A new report by the Joint United Nations Program on HIV/AIDS (UNAIDS) shows that countries are getting on the “fast track,” with an additional one million people accessing treatment in just six months (January to June 2016). By June 2016, around 18.2 million (16.1 million to 19.0 million) people had access to the life-saving medicines, including 910,000 children—double the number from five years earlier. If these efforts are sustained and increased, the world will be on track to achieve the target of 30 million people on antiretroviral treatment by 2020.
Get on the Fast-Track: The Life-Cycle Approach to HIV was launched in Windhoek, Namibia, by Namibian President Hage Geingob and UNAIDS Executive Director Michel Sidibé. “Just under two years ago, 15 million people were accessing antiretroviral treatment—today more than 18 million are on treatment, and new HIV infections among children continue to fall,” said President Geingob. “Now, we must ensure that the world stays on the fast track to end the AIDS epidemic by 2030 in Namibia, in Africa, and across the world.”
The report contains detailed data on the complexities of HIV and reveals that girls’ transition to womanhood is a very dangerous time, particularly in sub-Saharan Africa. “Young women are facing a triple threat,” said Sidibé. “They are at high risk of HIV infection, have low rates of HIV testing, and have poor adherence to treatment. The world is failing young women and we urgently need to do more.”
HIV prevention is key to ending the AIDS epidemic among young women. Recent data from South Africa show that young women are acquiring HIV from adult men, while men acquire HIV much later in life after they transition into adulthood and continue the cycle of new infections.
The report also shows the life-extending impact of treatment. In 2015, there were more people older than 50 years of age living with HIV than ever before—5.8 million. The report highlights that if treatment targets are reached, that number is expected to soar to 8.5 million by 2020. Older people living with HIV, however, have up to five times the risk of chronic disease, and a comprehensive strategy is needed to respond to increasing long-term health care costs.
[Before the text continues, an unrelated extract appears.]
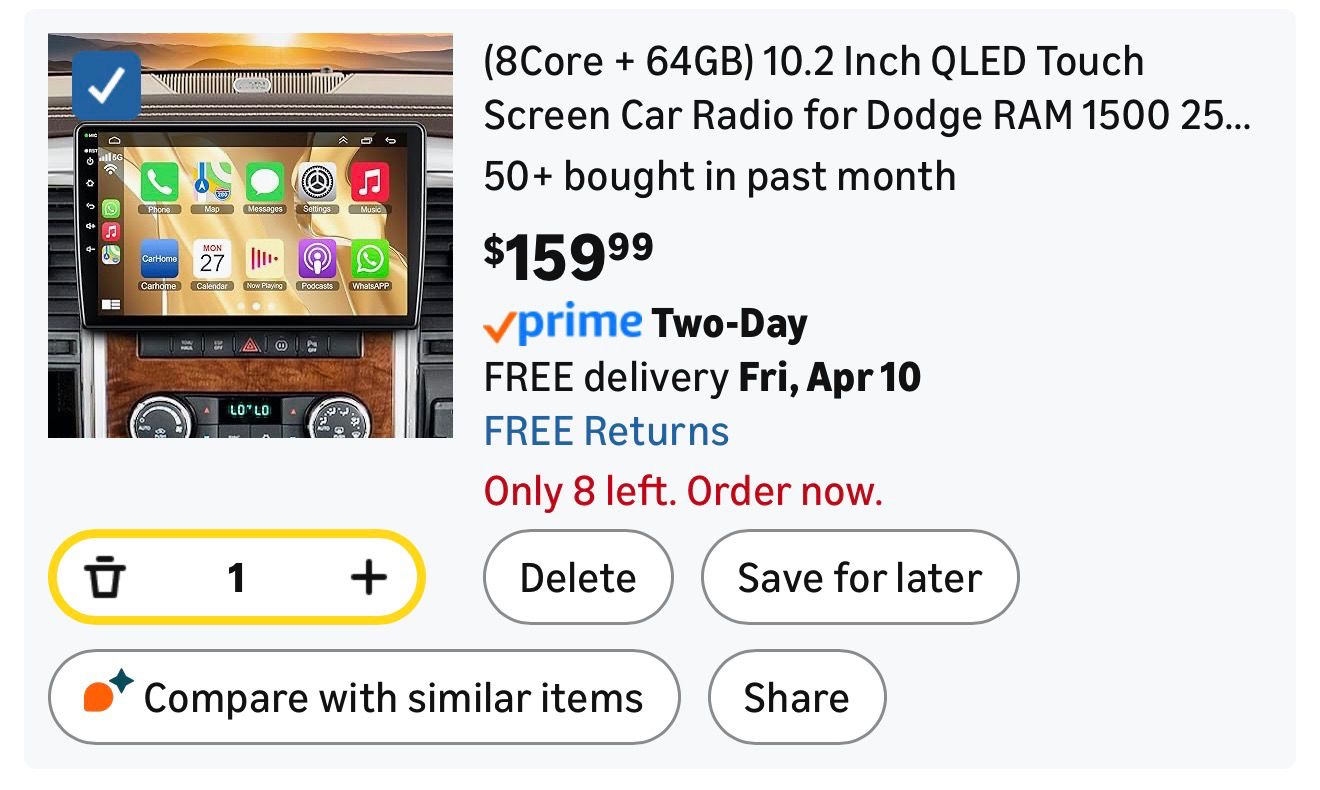8Core + 64GB) 10.2 Inch QLED Touch Screen Car Radio designed for Dodge RAM trucks. (A221)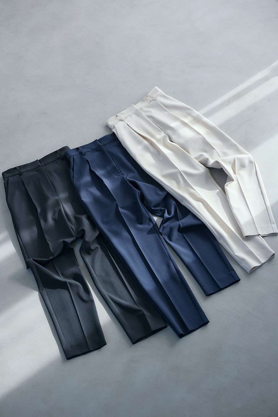 後ろウエストゴム仕様で、長時間のデスクワークも楽ちんに過ごせ、腰回りはゆったりとしているが、ジレと合わせてすっきり見える裾幅にこだわりました。センタープレスもスタイルアップ効果を忍ばせています。

The report also warns of the risk of drug resistance and the need to reduce the costs of second- and third-line treatments. It also highlights the need for more synergies with tuberculosis (TB), human papillomavirus and cervical cancer, and hepatitis C programs in order to reduce the major causes of illness and death among people living with HIV. In 2015, 440,000 of the 1.1 million people who died from an AIDS-related illness died from TB, including 40,000 children.
“The progress we have made is remarkable, particularly around treatment, but it is also incredibly fragile,” Sidibé said. “New threats are emerging, and if we do not act now we risk resurgence and resistance. We have seen this with TB. We must not make the same mistakes again.”
The report outlines that large numbers of people at higher risk of HIV infection and people living in high-burden areas are being left without access to HIV services at critical points in their lives, opening the door to new HIV infections and increasing the risk of dying from AIDS-related illnesses. The report examines the gaps and approaches needed in HIV programming across the life cycle and offers tailored HIV prevention and treatment solutions for every stage of life.